Unlike principal component analysis, partial least squares-discriminant analysis (OPLS-DA) is a supervised statistical method. The difference between classification groups can be reflected to the greatest extent. This method uses partial least squares regression to establish a relationship model between metabolite expression and sample categories to achieve modeling prediction of sample categories. At the same time, the variable importance in projection (VIP) is used to measure the influence intensity and interpretation ability of each metabolite expression pattern on the classification and discrimination of each group of samples, thus assisting in the screening of metabolic markers. It is generally considered that VIP greater than 1 Indicates that this variable has a significant effect on the classification of sample categories.

The OPLS-DA model between the comparative group (two groups) was established after log2-log conversion of the data, and the method used for scaling is Par. The sevenfold cross validation was performed during modelling.To evaluate the model, the OPLS-DA model was subjected to 200 response permutation tests(RPT).

Combined metabolomics and transcriptomics analysis

Metabolomic co-transcriptional investigations are frequently employed to investigate possible regulatory network mechanisms in organisms, and to gain a comprehensive understanding of the regulatory patterns and mechanisms between individual molecules by examining the expression levels of mRNAs and metabolites.The OMICSHARE platform (https //www.omicshare.com/tools/) was used to submit transcriptomic and metabolomics data for the construction of heatmaps in intergroup correlation analysis. Additionally, the MetaboAnalyst 5.0 platform (https //www.metaboanalyst.ca/ MetaboAnalyst/home.xhtml) was utilized to obtain cross-targets of differential genes and differential metabolites.

Meta-analysis

In order to further explore the variation in gene expression of crossover genes among different populations at the transcriptional level, we acquired the data from the publicly available GEO database (https//www.ncbi.nlm.nih.gov/geo/).Five peripheral blood samples from sepsis patients were downloaded (GSE653516, GSE1262417, GSE2875018, GSE6304219, GSE7422420).The datasets mentioned above were standardized (using log2 logarithmic) into two groups: sepsis group (Sepsis) and SIRS group (NC). A comprehensive Meta-analysis was conducted using R-package, where a MultiMeta20 analysis was performed on individual genes within the same group but from different datasets to confirm the consistency of the expression pattern of the target genes in this research.
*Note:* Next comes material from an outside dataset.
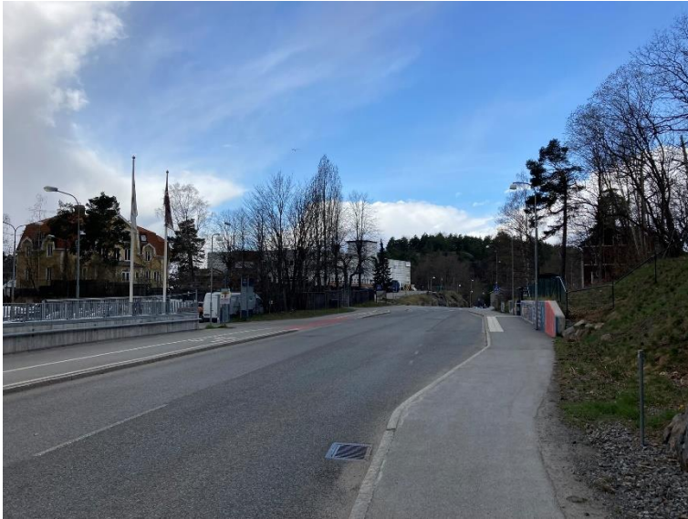
Figur 13. Vy längs med Kvarnholmsvägen mot väster idag.

Single-cell RNA sequencing

The blood cells in the periphery consist of various types of cells, and scRNA-seq analysis assists scientists in identifying specific genes within these cells in the tissue. This research examined the cellular lineage localization of specific target genes by utilizing 10× scRNA-seq. The procedures were executed in accordance with the operational guidebook of the organization. A total of five blood samples, including two with NC, one with Systemic Inflammatory Response Syndrome (SIRS), and two with Sepsis, were gathered and combined. Raw data produced through high-throughput sequencing were in the FASTQ format and underwent mass counting using CellRanger (http//support.), the official software of 10× Genomics. The SEURAT software package was used for additional quality control of the data after processing with the latest version of Cell Ranger software from 10× Genomics (https://www.10xgenomics.com/single-cell-gene-expression/software/pipelines/latest/what-is-cell-ranger). Principal component analysis (PCA) was conducted to analyze gene expression data and reduce its linear dimensionality. The resulting PCA outcomes were then visualized in two dimensions using t-distributed Stochastic Neighbor Embedding (tSNE). The FindAllMarkers function was used to identify marker genes, which were then visualized using the VlnPlot and FeaturePlot functions. Using the SingleR21 software package, we calculated the correlation between the expression profiles of the cells to be identified and the reference dataset. Then, we assigned the cell types with the strongest correlation in the reference dataset to the cells to be identified. This allowed us to create a single-cell library that is relevant to sepsis. The main objectives examined in the aforementioned studies were entered into the single-cell library in order to determine the cellular localization of the genes of interest.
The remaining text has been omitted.